Nirbhaya’s courage

I grew up in Delhi – went to school in delhi, and then onto college. I traveled on the public transport from IIT to our flat in Alaknanda most weekends. Living in the hostel at IIT was sheltered. It felt safe – at least as long as we were on campus. When we went out of the campus, we went in groups. We frequented priya cinema – walked many times past the same bus stop that Nirbhaya waited on. As I read her story, 15 years after I left Delhi, I still feel as though it could’ve been me. I don’t know if I would’ve had her courage or her strength. She had the courage to fight, and a desire to live free. It is in her honor that I write today.

Many a times, it almost was me.

I was perhaps 12 when I first experienced harassment in delhi. I was coming back from a ping-pong summer camp on a bus. I was seated in a crowded bus, as I had got on on an earlier stop. I was tired and resting my head on my elbows. A man, it could’ve been anyone, started brushing his hands deliberately, yet inconspicously against my breasts. I was startled. I wanted to slap him. But, my older cousins had warned me – don’t antagonize a man – he may come back or follow you to get his revenge – just stare him down. It took all my courage, but, I stared him down. He moved away.

When I was a pimply teenager, my parents took me to see a homeopath – to get some medicine for the pimples. The medicines helped me, and I would go back weekly to get medicine. One day my mother was sick. So, my younger sister and I went to get the refill. The doctor took the opportunity – said he needed to examine me. And took me behind the curtains in his office. Under the guise of a physical exam, he stroked my breasts. I knew something was wrong. But, I was young and scared. Even with my sister just outside, I still stayed quiet. Fortunately, she thought it was odd that it was taking so long, and said something. My ordeal was over, and I could get out.

Another time, I was returning home from IIT on a bus. It must not have been rush hour. It was midday. The bus only had a few passengers. One by one they got off the bus at different stops. Mine was yet to come. When the last person got off, I got scared. I had been told of the many cases of girls taken by bus drivers and conductors to do as they will. I saw the expression in the eyes of the driver and conductor. I was easy prey. The next stop came up, and the driver barely pressed the brakes. It was not my stop. I jumped off the moving bus. I walked the rest of the way home. It was just another day in Delhi.

She is me, and I am her

I do not need to know her name to know her. She has given me the courage to speak. Whenever I stay quiet, I perpetuate the same misogyny that killed her. I live in Seattle now. And, thought me to be free. But, the misogyny is spreading. I felt it when working at Expedia in Bellevue. I have no proof. Only the memory of a darkened office where the engineering lead (an indian man) and his manager (an indian man) proceeded to berate me – telling me what a terrible employee and engineer I was. The meeting is not on any schedule. And that of a VP (another indian male) who proceeded from telling me how great an engineer I was in private, to how mediocre I was to his peers and managers. When I challenged him to, he refused to say so in writing. Given only two female Sr. Developers in a company of thousands, I was alone. The men I thought to be decent (many indian men among them), kept quiet and watched, as I gradually lost all my self-confidence and eventually left. It isn’t those that bully, it is the ones that watch and say nothing who promote the impunity to do so again.

I had given up – on corporate america, same as I had given up on Delhi. But, the fighter in me came back. Is this what my daughters have to look forward to? How do I protect them? I built my own company, and with it rebuilt my confidence.
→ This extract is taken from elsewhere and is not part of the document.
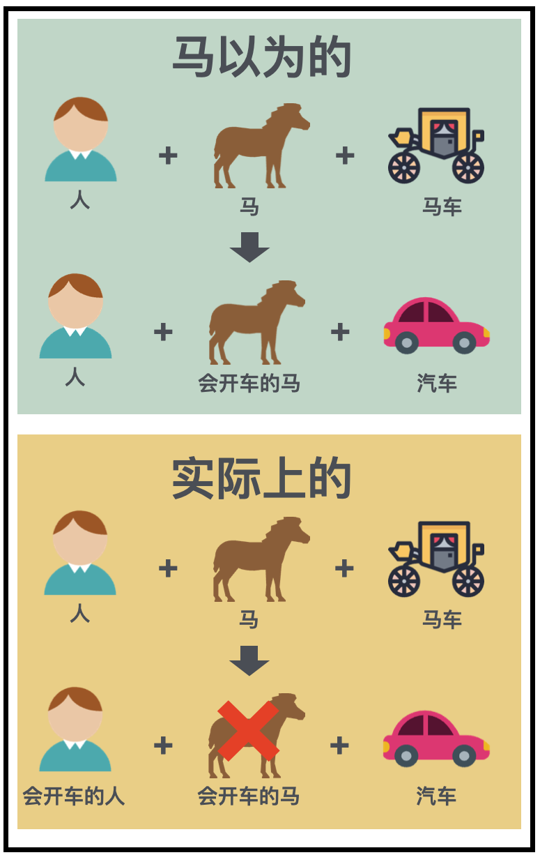 漫画里的马没有意识到,汽车想替换的不只是“马车”,而是“马车+马”。
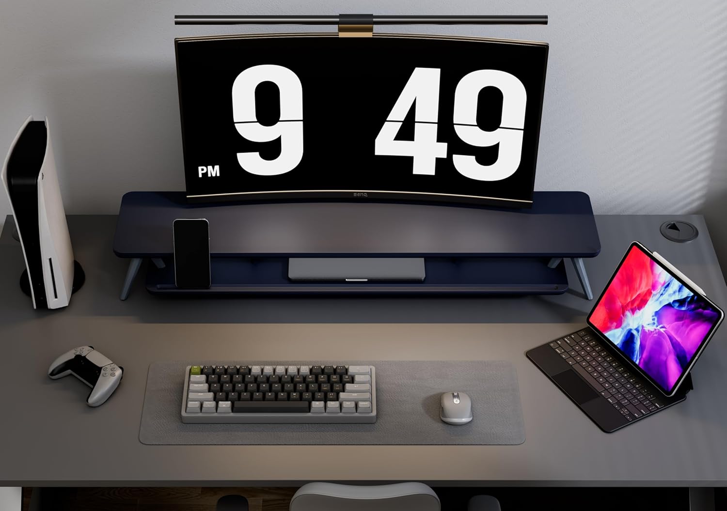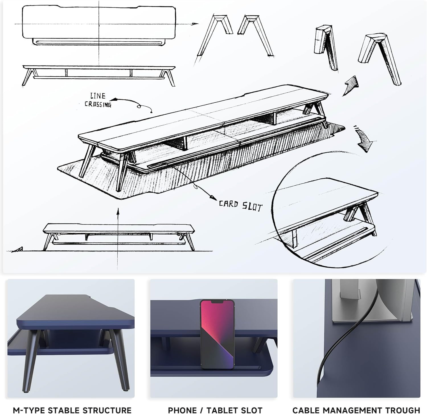 • 【2 TIER DESKTOP ORGANIZER】At longest 42.5inch wide,longer size with more space. This laptop riser is big enough to support two monitors. It has 1 universal device holder slot and 3 high capacity compartments. You can easily store your office accessories & supplies under your monitor stand to keep your desktop tidy. Our monitor stand rise comes with cable management slots that can make your cord stay organized.

With it, I hope I build a better future for my daughters. I watch all the men and women fearlessly protesting in Delhi. With it, I hope they build a better future too.

One thought on “Nirbhaya’s courage

  1. Hi Ana,
    A sincere salute to your honesty and hats-off to your courage for penning down your experiences. It was as if I can feel what you have gone through (or what millions of Indian females go through daily).
    It pains pretty badly to how poor state of affairs are still in Delhi.
    Hopefully we(Indians) have learnt our lessons well & I feel that now we are much more aware (thanks to social media) & much more united. We have learned to stand together for causes & this can be the real beginning.